BÖLGEDEKİ HUZUR MARDİN GENÇLİK MERKEZİYLE DESTEKLENİYOR
Mardin Gençlik Merkezi alışılageldik ‘etkinlik belediyeciliği’ nin oldukça haricinde tüm ülkeye model olabilecek bir kurum. 14-29 yaş aralığındaki gençlere parasız eğitimler verilen merkezde değişik yaş grubu, değişik etnik kimlik ve toplumsal statülerden yüzlerce genç birlikte çalışıp üretmenin ve eğlenmenin güzelliğini yaşıyor.
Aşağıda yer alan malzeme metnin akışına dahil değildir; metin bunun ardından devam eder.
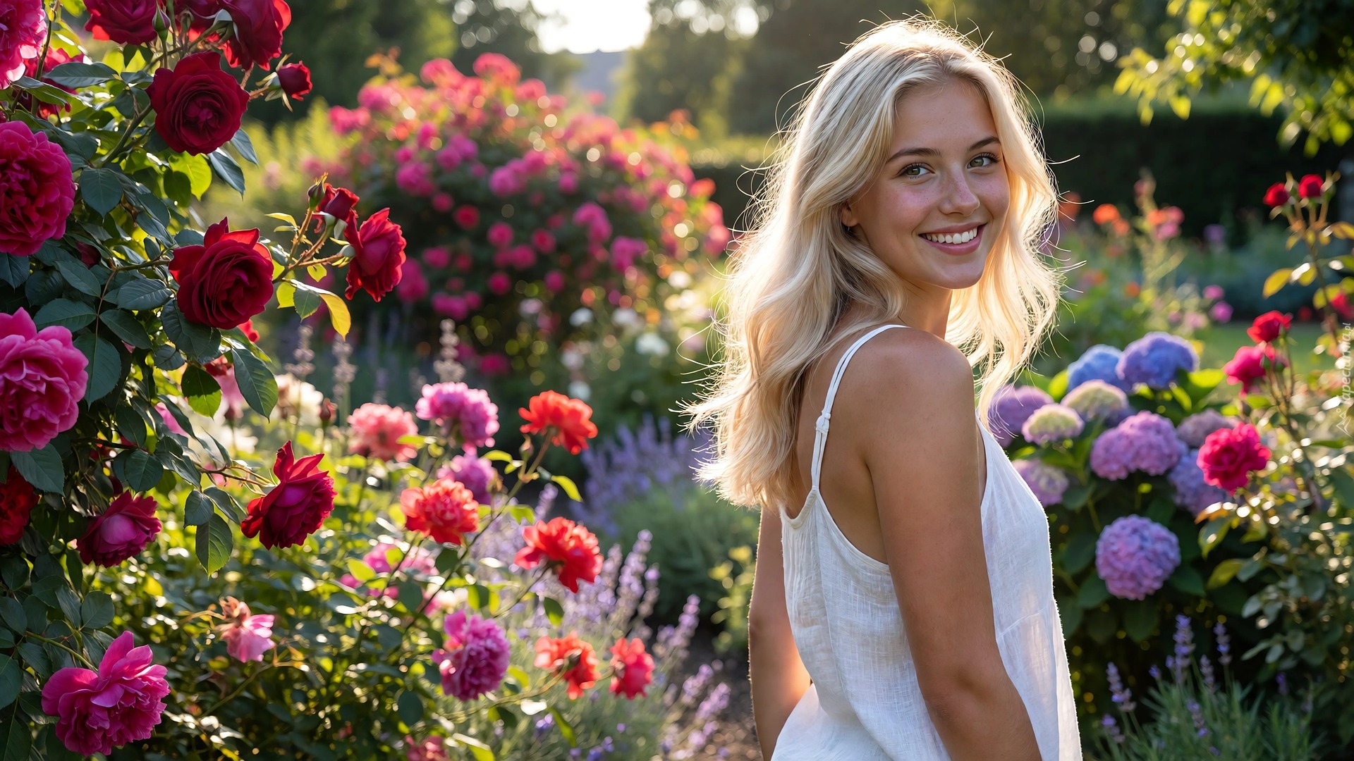 Edytor tapety: Uśmiechnięta blondynka wśród kwiatów w ogrodzie

Merkezin 12 bin 814 kayıtlı talebesi var. 7 bin kitaplık bir kütüphane, parasız çay kahve ikramının yapıldığı kafeterya, bilgisayar üstünden ders dinleyip, parasız çıktı alınabilen bilgisayar atölyesi, beyazperde salonu, fotoğraf-müzik sınıfları, YKS hazırlık kursu, müzik ve dil kursları, bölge uzmanı yetiştiren dış politika kulüpleri, grafik tasarım kursları ile bir gencin kendini hem toplumsal hem de bilimsel anlamda yetiştirip geliştirebileceği bir ortam sağlanıyor. Bütün bunlar yardımıyla bölgedeki güvenlik güçleri yardımıyla yakalanan rahatlık kültür, sanat, müzik, spor ve eğitim benzer halde faaliyetlerle daha oldukça destekleniyor.
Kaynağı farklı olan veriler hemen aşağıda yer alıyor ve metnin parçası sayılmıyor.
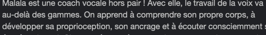 je ne retiens qu'une chose :la VOIX NE SE LIBERE QUE LORSQUE LE COEUR S'OUVRE,autrement, la libération est artificielle.

MARDİN’DEN BİR OTOMOBİL HİKAYESİ
Sakıp Sabancı’nın vasiyeti üzerine Sabancı Vakfı tarafınca restore edilip müzeye dönüştürülen Sakıp Sabancı Mardin Kent Müzesi – Dilek Sabancı Sanat Galerisi, kuruluşunun 10. yılını Mardin’in toplumsal ve kültürel belleğinde mühim bir yere haiz olan bir otomobili koleksiyonuna katarak kutluyor. 1913’te Mardin’de dünyaya gelen ve lakabını bu bölgede “yardım eden” anlamındaki “muin” sözcüğünden alan ve Soyadı Kanunu’nun çıkmasıyla birlikte “Özyardımcı” soyadını kullanan Yahya Muin, 1930’lardan itibaren kardeşi Salih’le birlikte değişik markalarda ABD yapımı otomobil, kamyon ve otobüsleri Mardin’e getirdi, alım satımını yapmış oldu. Muin’in, devrin koşullarında yüksek bir fiyata satın almış olduğu ve taksi olarak kullandığı kiremit rengi 1952 model Chevrolet otomobil, senelerce Mardinlilerin yanı sıra, buraya gelen siyasetçi, siyasetçi ve hâkimlere de hizmet etti, düğün konvoylarından adli bulgu gezilerine Mardin günlük hayatında mühim bir yere haiz oldu. Yahya Muin’in 2007’deki vefatının peşinden evlatlarının Sakıp Sabancı Mardin Kent Müzesi – Dilek Sabancı Sanat Galerisi’ne bağışladığı otomobil, hikâyesinin ve Mardin toplumsal hayatında üstlendiği önemin aktarıldığı panolar ve hususi hazırlanan bir belgeselle birlikte 25 Aralık 2019’dan itibaren seyircilerle buluşacak.